DATASET:
>>>

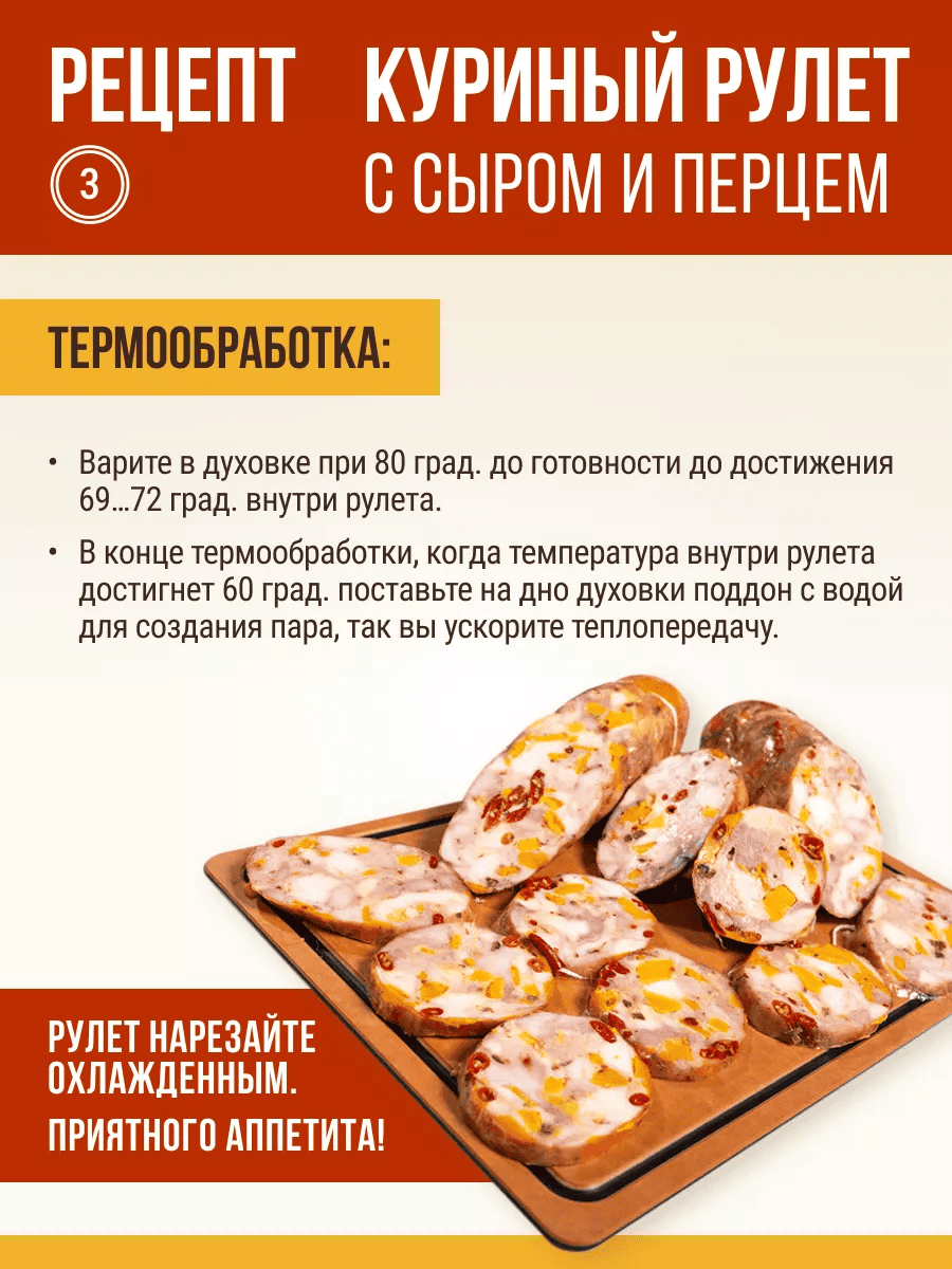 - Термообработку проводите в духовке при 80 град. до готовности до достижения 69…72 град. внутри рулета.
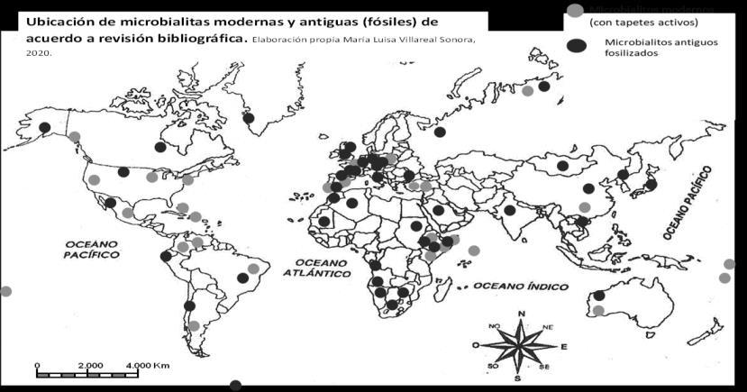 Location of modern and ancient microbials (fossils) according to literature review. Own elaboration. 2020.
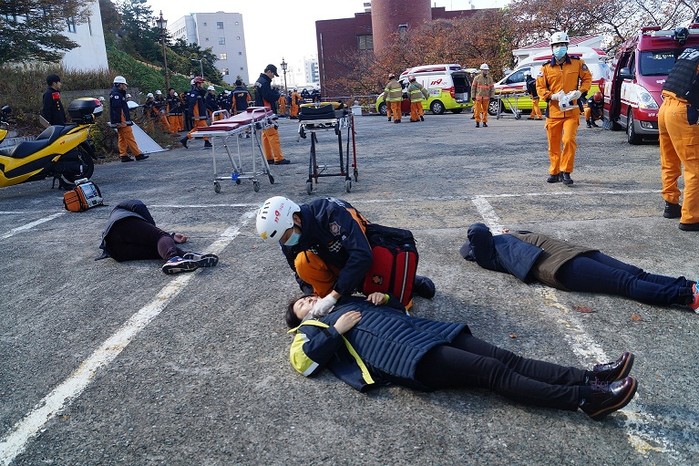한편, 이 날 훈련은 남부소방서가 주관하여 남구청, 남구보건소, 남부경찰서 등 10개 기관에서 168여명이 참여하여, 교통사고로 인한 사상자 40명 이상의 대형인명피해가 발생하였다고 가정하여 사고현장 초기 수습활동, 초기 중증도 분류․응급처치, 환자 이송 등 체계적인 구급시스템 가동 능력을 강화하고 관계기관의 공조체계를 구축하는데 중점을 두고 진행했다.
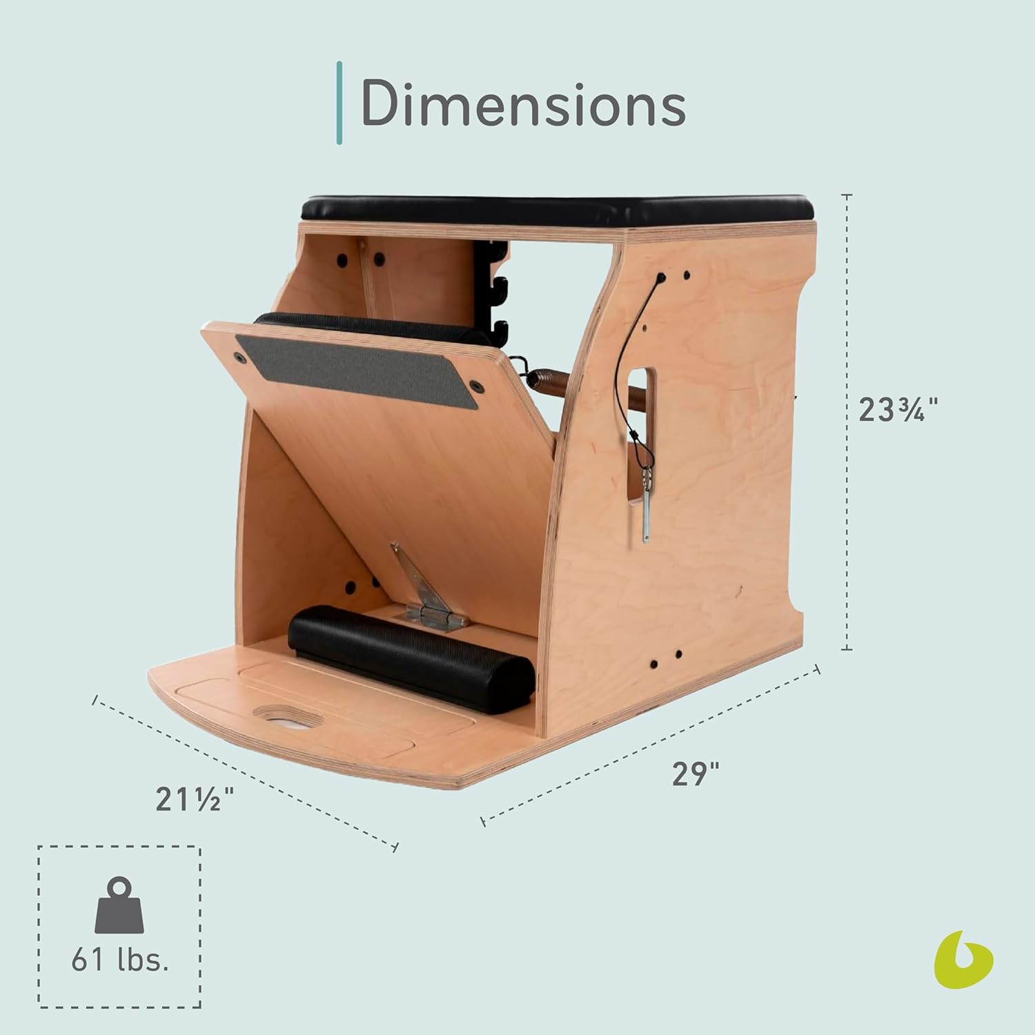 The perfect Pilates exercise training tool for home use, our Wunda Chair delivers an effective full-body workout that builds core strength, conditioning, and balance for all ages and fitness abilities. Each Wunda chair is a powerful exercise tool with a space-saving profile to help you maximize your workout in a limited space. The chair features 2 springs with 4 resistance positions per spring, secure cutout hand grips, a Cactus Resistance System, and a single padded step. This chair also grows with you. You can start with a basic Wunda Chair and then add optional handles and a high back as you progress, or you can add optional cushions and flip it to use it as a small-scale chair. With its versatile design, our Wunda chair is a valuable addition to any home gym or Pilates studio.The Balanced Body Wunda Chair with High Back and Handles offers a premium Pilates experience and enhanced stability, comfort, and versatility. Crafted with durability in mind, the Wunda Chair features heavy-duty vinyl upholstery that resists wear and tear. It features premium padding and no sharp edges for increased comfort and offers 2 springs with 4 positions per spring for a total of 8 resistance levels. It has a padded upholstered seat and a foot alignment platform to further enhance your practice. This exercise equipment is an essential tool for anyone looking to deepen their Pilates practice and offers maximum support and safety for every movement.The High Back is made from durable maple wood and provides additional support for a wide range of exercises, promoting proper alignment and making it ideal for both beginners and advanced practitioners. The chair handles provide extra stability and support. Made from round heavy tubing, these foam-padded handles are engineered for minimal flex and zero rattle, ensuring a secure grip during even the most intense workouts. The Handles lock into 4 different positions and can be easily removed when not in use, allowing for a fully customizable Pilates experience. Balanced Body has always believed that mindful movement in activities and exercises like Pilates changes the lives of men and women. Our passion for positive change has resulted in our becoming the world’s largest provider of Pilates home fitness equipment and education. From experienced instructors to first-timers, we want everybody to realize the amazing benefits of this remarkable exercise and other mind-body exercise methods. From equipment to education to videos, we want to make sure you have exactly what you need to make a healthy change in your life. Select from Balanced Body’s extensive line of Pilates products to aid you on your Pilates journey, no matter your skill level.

<<<
>>>

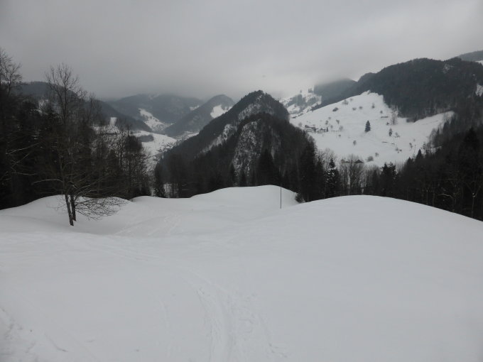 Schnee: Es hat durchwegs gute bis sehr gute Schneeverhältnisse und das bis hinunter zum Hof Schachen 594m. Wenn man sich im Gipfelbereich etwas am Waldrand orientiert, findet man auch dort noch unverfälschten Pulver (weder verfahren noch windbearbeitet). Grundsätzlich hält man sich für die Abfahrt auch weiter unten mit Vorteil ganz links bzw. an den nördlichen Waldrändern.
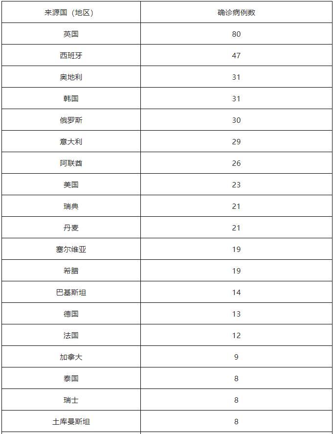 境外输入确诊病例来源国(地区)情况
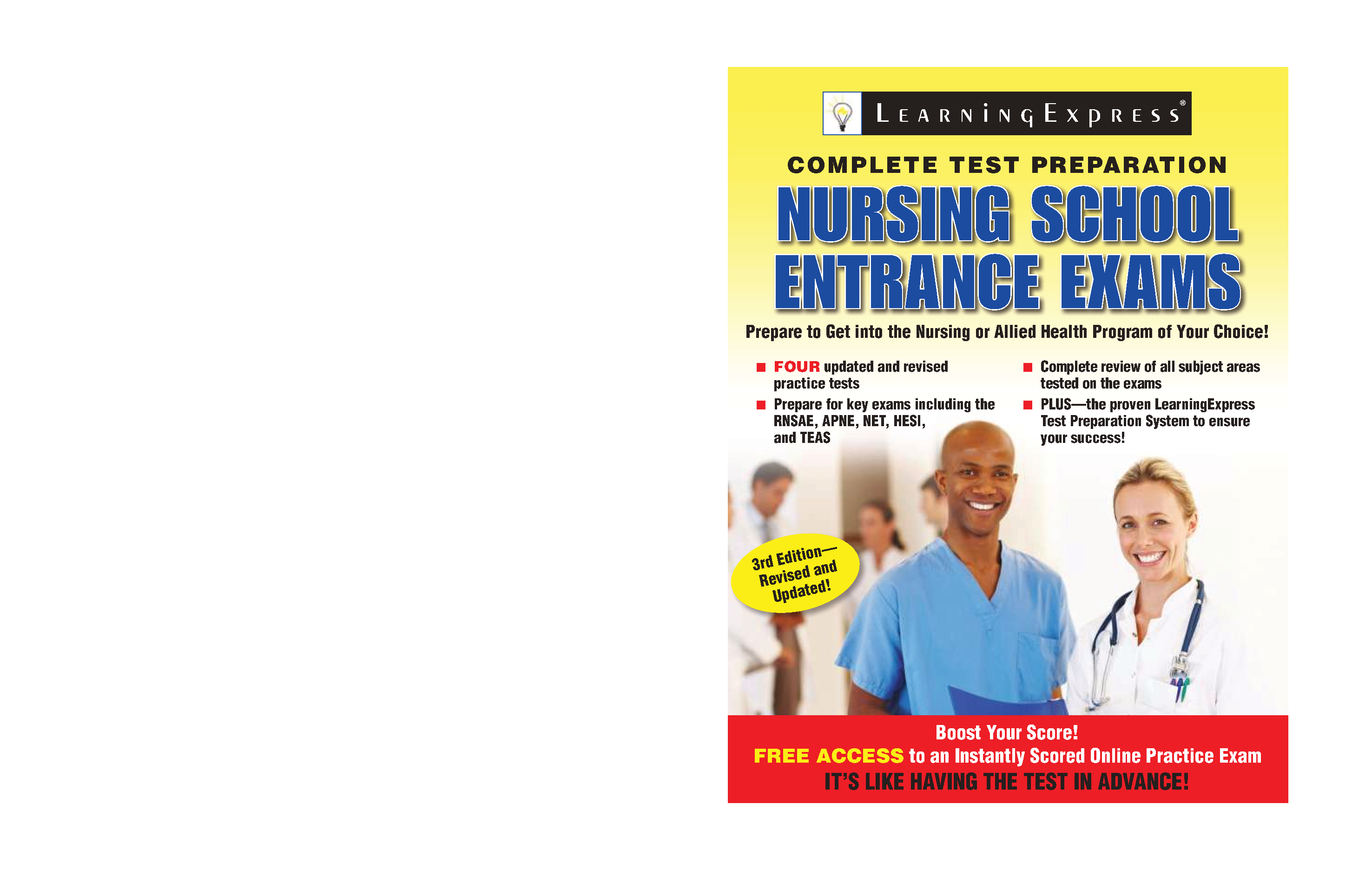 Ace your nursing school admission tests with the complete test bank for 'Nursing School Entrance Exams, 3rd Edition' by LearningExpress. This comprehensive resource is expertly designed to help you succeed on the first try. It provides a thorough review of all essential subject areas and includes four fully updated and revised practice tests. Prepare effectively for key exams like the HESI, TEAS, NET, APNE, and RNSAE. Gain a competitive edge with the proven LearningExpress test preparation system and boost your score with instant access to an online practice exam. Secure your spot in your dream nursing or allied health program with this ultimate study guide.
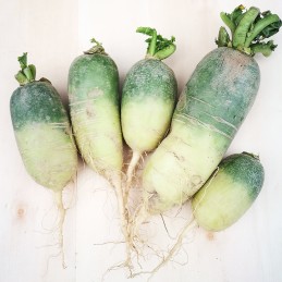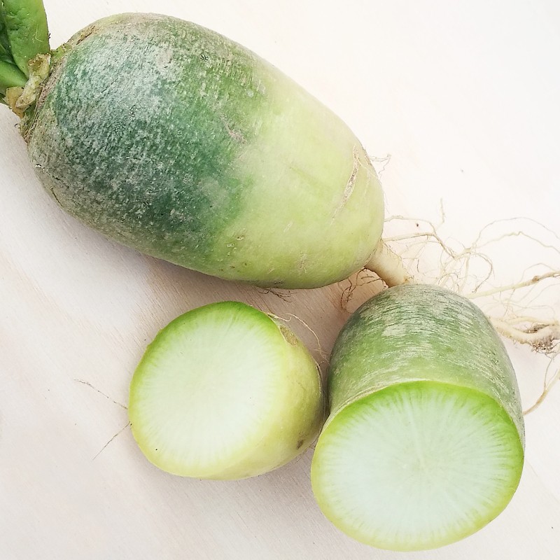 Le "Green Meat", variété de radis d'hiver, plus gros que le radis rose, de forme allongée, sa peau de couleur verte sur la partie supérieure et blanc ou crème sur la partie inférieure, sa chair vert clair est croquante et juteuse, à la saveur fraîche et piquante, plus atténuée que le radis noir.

<<<

YOUR GOAL:
Transcribe only the lines above that start at the line containing "- Термообработку проводите" and end at the line containing "Location of modern". Omit pictures.

OUTPUT BELOW:
 - Термообработку проводите в духовке при 80 град. до готовности до достижения 69…72 град. внутри рулета.
 Location of modern and ancient microbials (fossils) according to literature review. Own elaboration. 2020.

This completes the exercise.